- Born: Julie Skinner 1938 (age 87–88) Minneapolis, Minnesota, U.S.
- Education: Radcliffe College (BA) Columbia University (MA) University of Pittsburgh (PhD)
- Occupation: Academic
- Employer: B. F. Skinner Foundation
- Title: President
- Spouse: Ernest A. Vargas

= Julie Vargas =

American educator (born 1938)

Julie Vargas (2019)

Julie Skinner Vargas (born 1938) is an American educator who has written extensively on the science of behavior.

Vargas is the daughter of B.F. Skinner and is the president of the B. F. Skinner Foundation, in Cambridge, Massachusetts. She is an officer of The International Society for Behaviorology.

==Biography==
Vargas received a bachelor's degree in music from Radcliffe College, a master's degree in music education from Columbia University and a Ph.D. in educational research from the University of Pittsburgh.
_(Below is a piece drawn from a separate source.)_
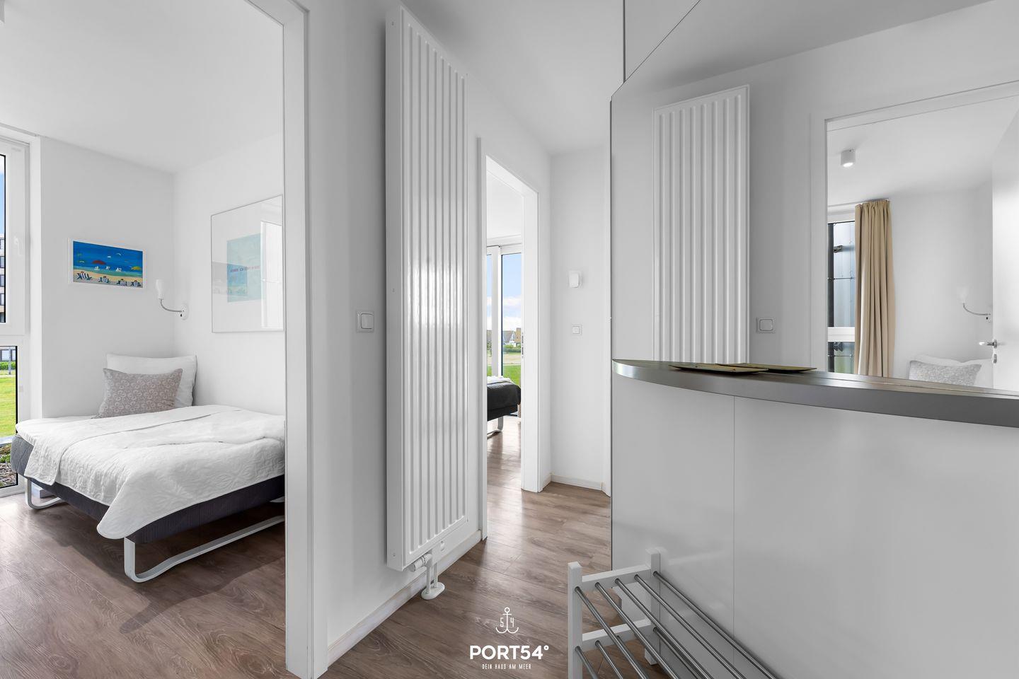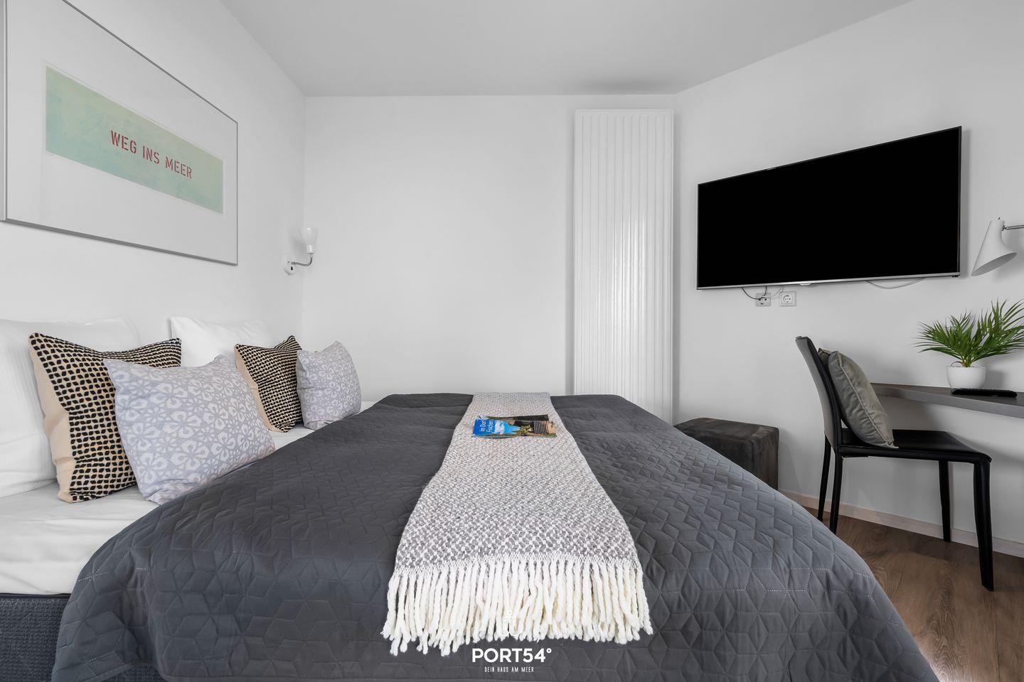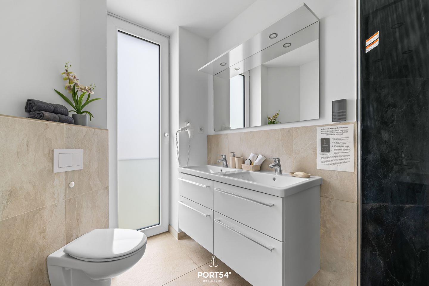 Die Ferienwohnung erstreckt sich über 4 lichtdurchflutete Zimmer, darunter 3 einladende Schlafzimmer, die mit gemütlichen Betten sowie jeweils einem Flachbild-TV ausgestattet sind und eine erholsame Nachtruhe garantieren. Das elegante Badezimmer mit einer bodengleichen Doppel-Dampfdusche, die auch als Dampfsauna genutzt werden kann und einem Föhn sorgt dafür, dass Sie nach einem langen Tag am Strand erfrischt in den Abend starten können.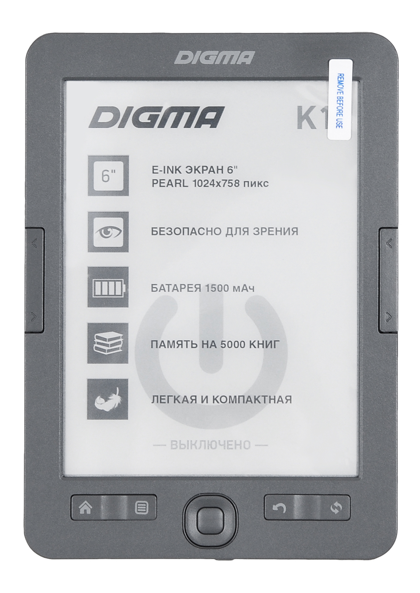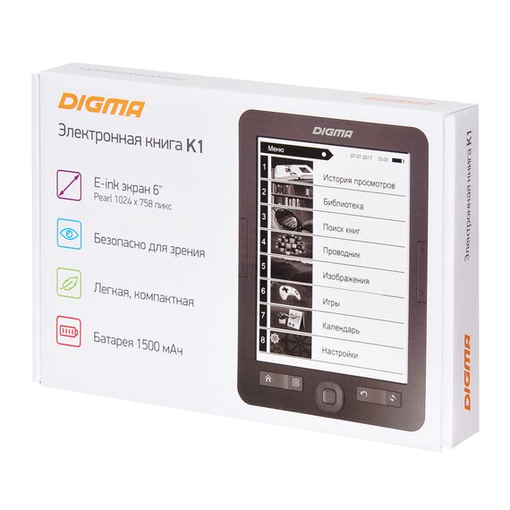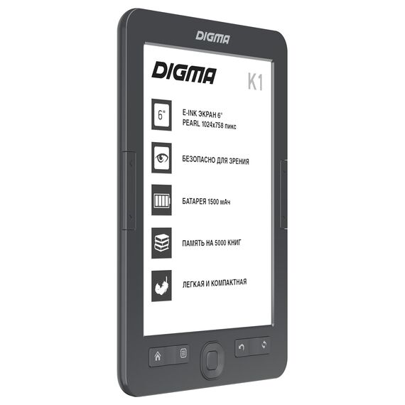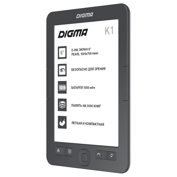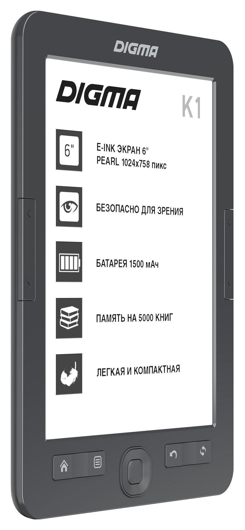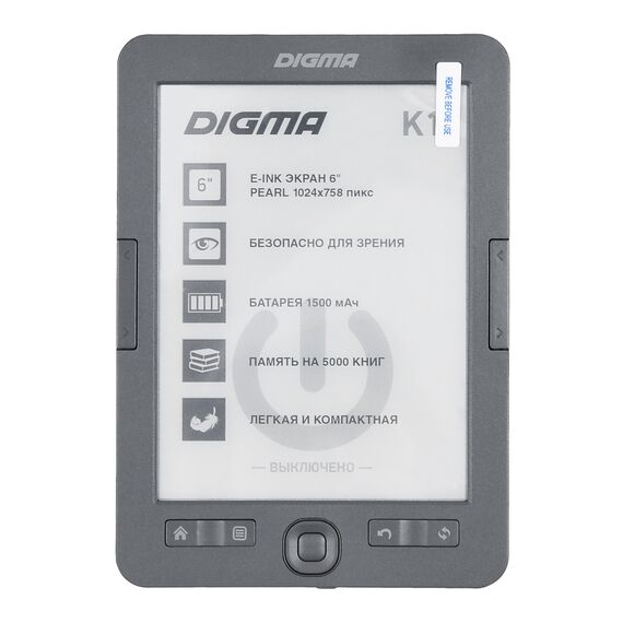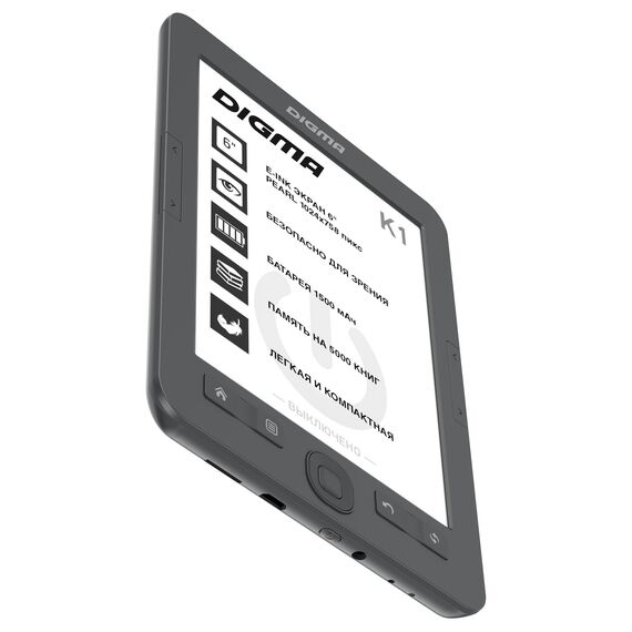 Электронная книга Digma K1G 6" E-ink HD Pearl 758x1024 600MHz 128Mb/4Gb/SD/microSDHC темно-серый

She was a faculty member at West Virginia University, where she and her husband, Ernest A. Vargas, taught for more than 30 years in the College of Human Resources and Education.

==Behaviorology: Skinner's new science==
Vargas has written that "What B. F. Skinner began is not an 'approach', 'view', 'discipline', 'field', or 'theory'. It was, and is, a science, differing from psychology in its dependent variables, its measurement system, its procedures, and its analytic framework". She and a number of her colleagues have given Skinner's science the name "behaviorology", which may be defined as the natural science of the behavior of organisms.

==Bibliography==
- Writing Worthwhile Behavioral Objectives, 1973, Harper & Row
- Behavioral Psychology for Teachers, 1977, Harper & Row
- Bernice Stewart, Julie S. Vargas (1990). "Teaching Behavior to Infants and Toddlers: A Manual for Caregivers and Parents"
- Vargas, Julie S. (2013). "Behavior Analysis for Effective Teaching"
- Vargas, Julie Skinner (1969). "Item Selection Techniques for Norm-referenced and Criterion-referenced Tests"

Her more recent publications have been articles, including two 2005 entries on B. F. Skinner in volumes I and III of The Encyclopedia of Behavior Modification and Cognitive Behavior Therapy, and Behavior Analysis for Effective Teaching. with Routledge, Taylor and Francis, 2012.